O que nos falta para dizermos que está verificado a existência da tipicidade? A existência de um dever jurídico de
garante. E esta verificado aqui ou não? Qual a fonte? O contrato. Seria aceite em exame mas que tipo de contrato
seria? Eu quando entrego o carro para reparação estou a fazer um contrato com a oficina. Mas e se o nosso amigo não
tivesse pago a oficina, seria contrato? Ou seria o quê? Estaria inserido na comunidades de perigo, porque há um
domínio sobre a fonte de perigo.

Nesse caso, o que acontece a A? Vou puní-lo por ofensas à integridade física por omissão.

Mas será doloso ou negligente? O que é que ele tinha que ter representado e querido para afirmarmos o dolo
relativamente à ofensa à integridade física do peão? Tinha que estar a representar o seu dever de garante mais
estar a preencher os elementos típicos do tipo de ofensa à integridade física, uma intencionalidade de magoar
outra pessoa, relativamente à qual ele tinha um dever de garante. No máximo em termos de dolo, o eventual mas
parece aproximar-se da negligencia consciente, ele pode representar como possível mas acredita que não se realiza,
não se conforma.

❗ Caso Prático 14:

A, guia de montanha, comanda uma expedição de alpinismo. No decurso da mesma, um dos elementos do grupo fica
em grave situação de perigo, carecendo de ajuda. Tratando-se de alguém que ainda não tinha pago o preço acordado
com A, este não o socorreu com base em tal facto.
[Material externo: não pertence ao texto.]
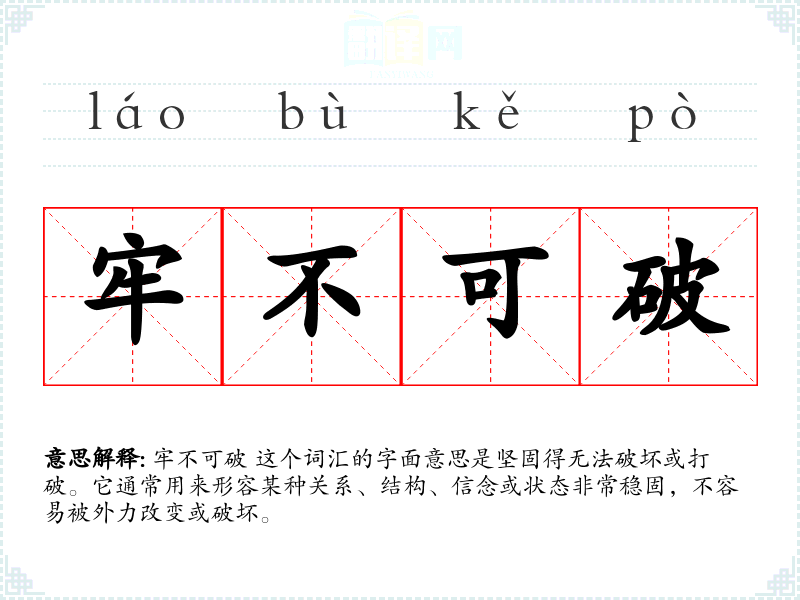 "牢不可破" 这个词汇源自汉语,"牢" 指坚固,"不可破" 指无法被打破。在古代文献中已有使用,如《左传》中有 "牢不可破" 的用法,形容坚固不可摧毁。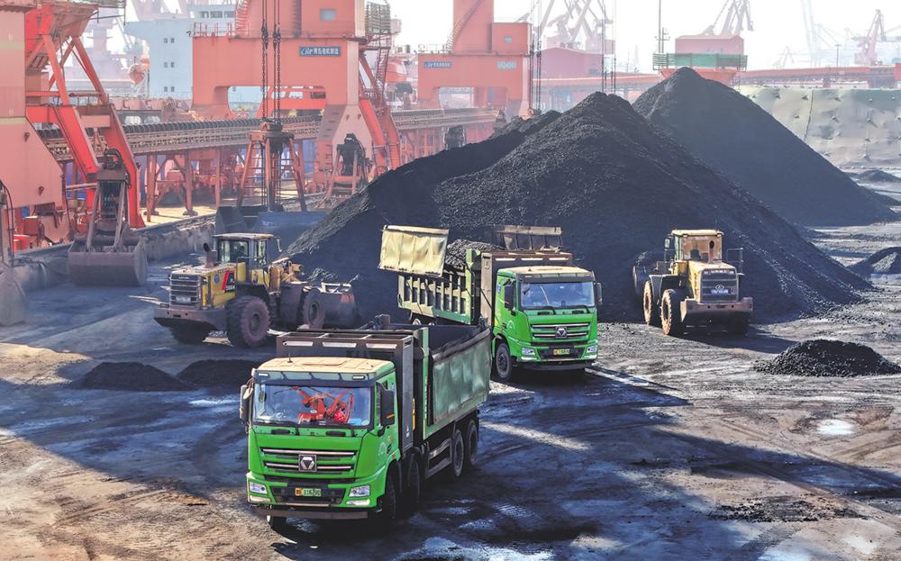 1月5日,在青岛港前湾港区86泊位,工程车辆在进行煤炭转运作业(无人机照片)。 1月5日,山东港口青岛港完成2026年首船4.4万吨保供电煤接卸转运任务,实现电煤接卸作业“开门红”。作为北方电煤重要枢纽港之一,青岛港聚焦保供核心需求,科学调配、优化流程,实现电煤快卸快转,持续为区域电力安全和供暖稳定提供保障。 新华社记者 李紫恒 摄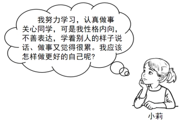 关键词:我努力学习,认真做事,关心同学;我性格内向,不善表达,学着别人的样子说话,做事又觉得很累→可链接扬长避短;欣赏接纳自己;不断激发潜能。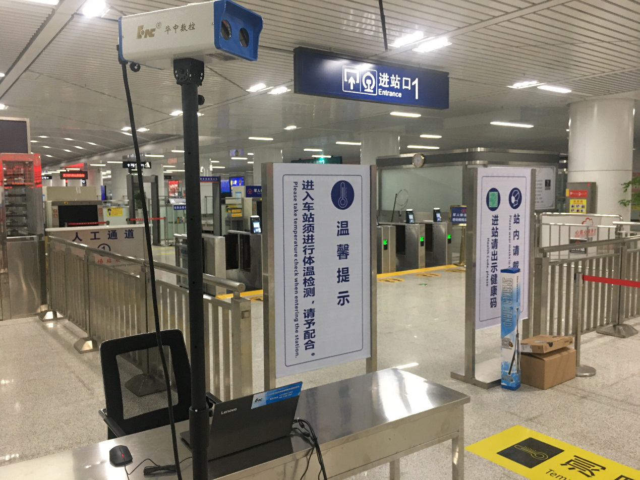 ?同天,一臺印著”華中數(shù)控“四個醒目字樣的”神秘設(shè)備”安裝在了城際鐵路天河機場站的進站口,像一位高大的衛(wèi)士佇立在那,睜著“雙眼”警惕的守衛(wèi)著旅客進站通道,它就是由武漢華中數(shù)控股份有限公司提供的HY-2005B/E型“紅外智能體溫檢測系統(tǒng)”。

Na sequência do exposto, o alpinista em perigo veio a sofrer uma queda de que resultou a fractura das pernas.

Quid iuris?

Resolução:

Omissão pura ou impura? Impura.

Qual é o tipo? Ofensa à integridade física.

Pode-se equiparar a ação à omissão? Sim, nos termos do caso prático anterior.

Há dever jurídico de garante? Há, aqui, uma comunidade de perigo e há, até, quem defenda o contrato.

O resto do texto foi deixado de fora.